*** SUPPLIED DATA Section Begins ***

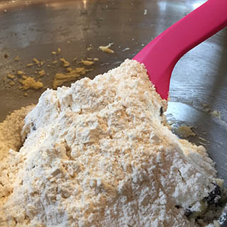 - Sift in the flour and beat into the mixture until well combined.
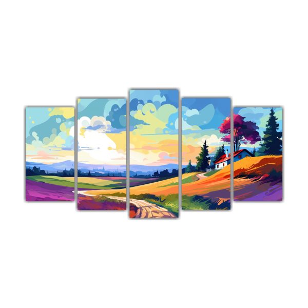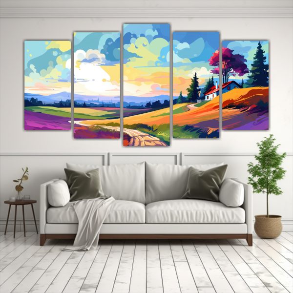 Este cuadro Paisaje estival urbano neo pop es perfecto para darle vida a tu sala de estar Recomendamos colocarlo sobre un sofá de color neutro para resaltar su diseño y crear un ambiente moderno y colorido en tu hogar
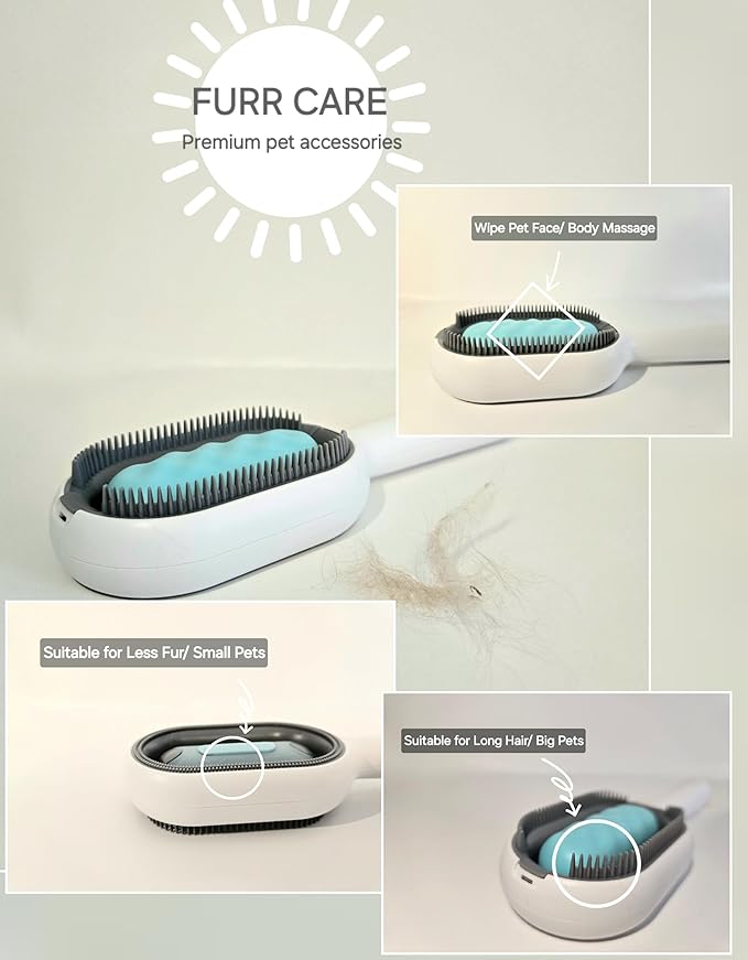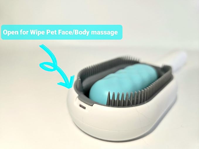 - 🐩 3-in-1 Grooming Solution: Combines comb, massager, and face wipe

*** SUPPLIED DATA Section Ends ***

WHAT TO DO: Could you output the entire listing verbatim while omitting its pictures?

OUTPUT FOR THIS TASK:
 - Sift in the flour and beat into the mixture until well combined.
 Este cuadro Paisaje estival urbano neo pop es perfecto para darle vida a tu sala de estar Recomendamos colocarlo sobre un sofá de color neutro para resaltar su diseño y crear un ambiente moderno y colorido en tu hogar
 - 🐩 3-in-1 Grooming Solution: Combines comb, massager, and face wipe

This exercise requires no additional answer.